BEGIN Given data
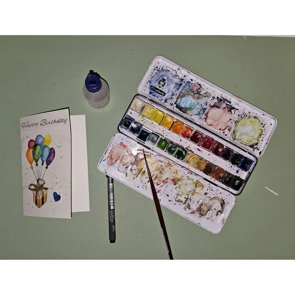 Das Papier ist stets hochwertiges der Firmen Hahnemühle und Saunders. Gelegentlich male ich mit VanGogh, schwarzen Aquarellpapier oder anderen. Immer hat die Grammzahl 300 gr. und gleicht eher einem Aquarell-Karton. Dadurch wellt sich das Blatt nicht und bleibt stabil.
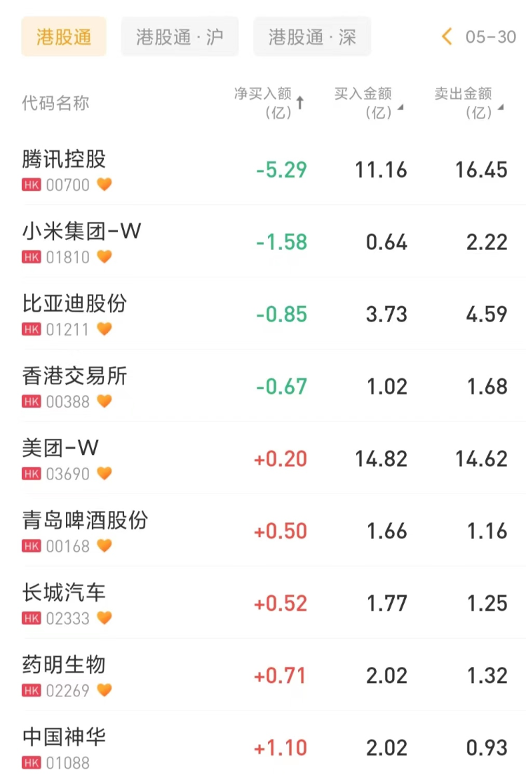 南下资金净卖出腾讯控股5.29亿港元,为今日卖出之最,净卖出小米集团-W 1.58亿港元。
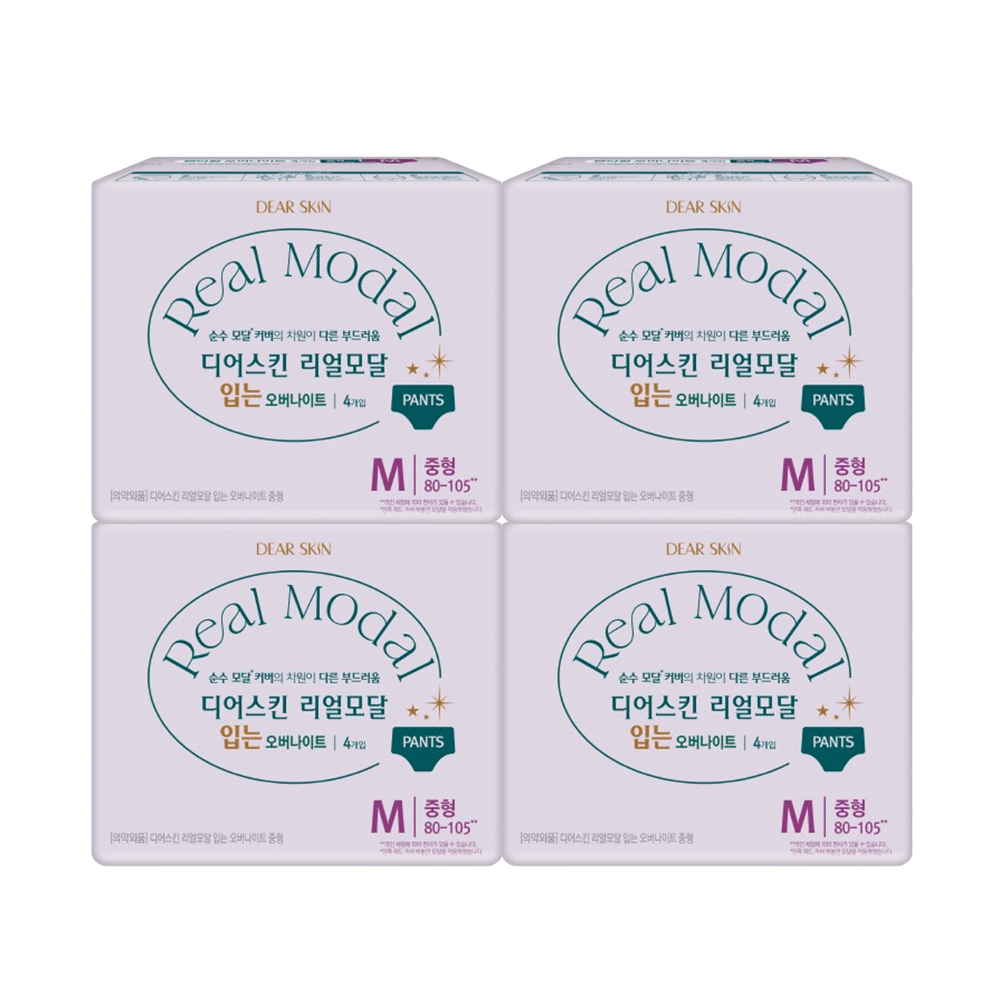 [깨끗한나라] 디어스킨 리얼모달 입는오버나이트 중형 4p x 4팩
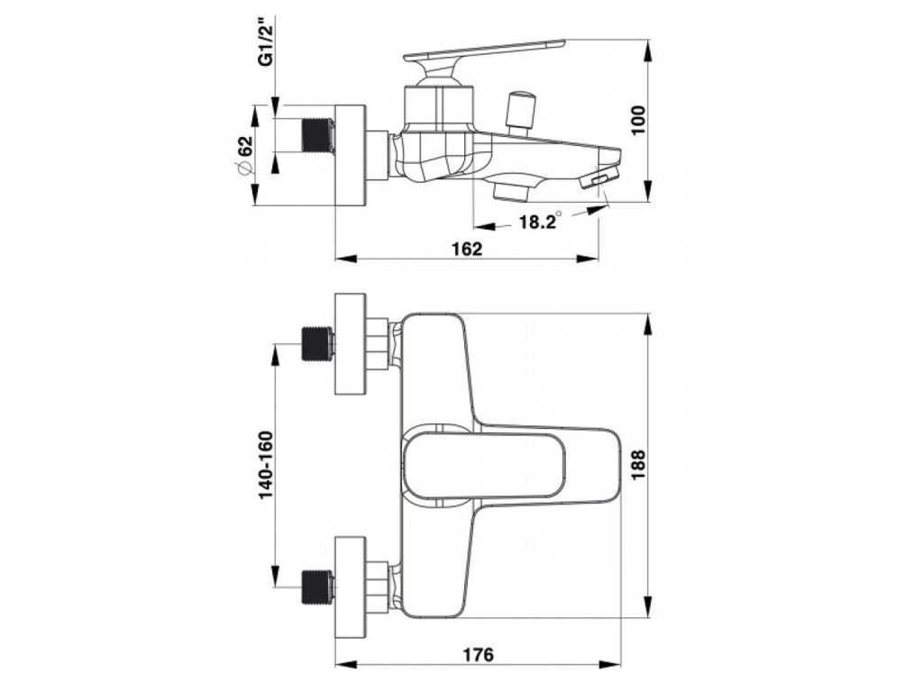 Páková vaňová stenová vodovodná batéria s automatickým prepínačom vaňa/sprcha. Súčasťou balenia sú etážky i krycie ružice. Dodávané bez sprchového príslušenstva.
END Given data
**What the task requires**
Extract the lines exactly, please: the first line of the listing, the line with "南下资金净卖出腾讯控股5.2", and every line between them, but no pictures.

**Answer area**
 Das Papier ist stets hochwertiges der Firmen Hahnemühle und Saunders. Gelegentlich male ich mit VanGogh, schwarzen Aquarellpapier oder anderen. Immer hat die Grammzahl 300 gr. und gleicht eher einem Aquarell-Karton. Dadurch wellt sich das Blatt nicht und bleibt stabil.
 南下资金净卖出腾讯控股5.29亿港元,为今日卖出之最,净卖出小米集团-W 1.58亿港元。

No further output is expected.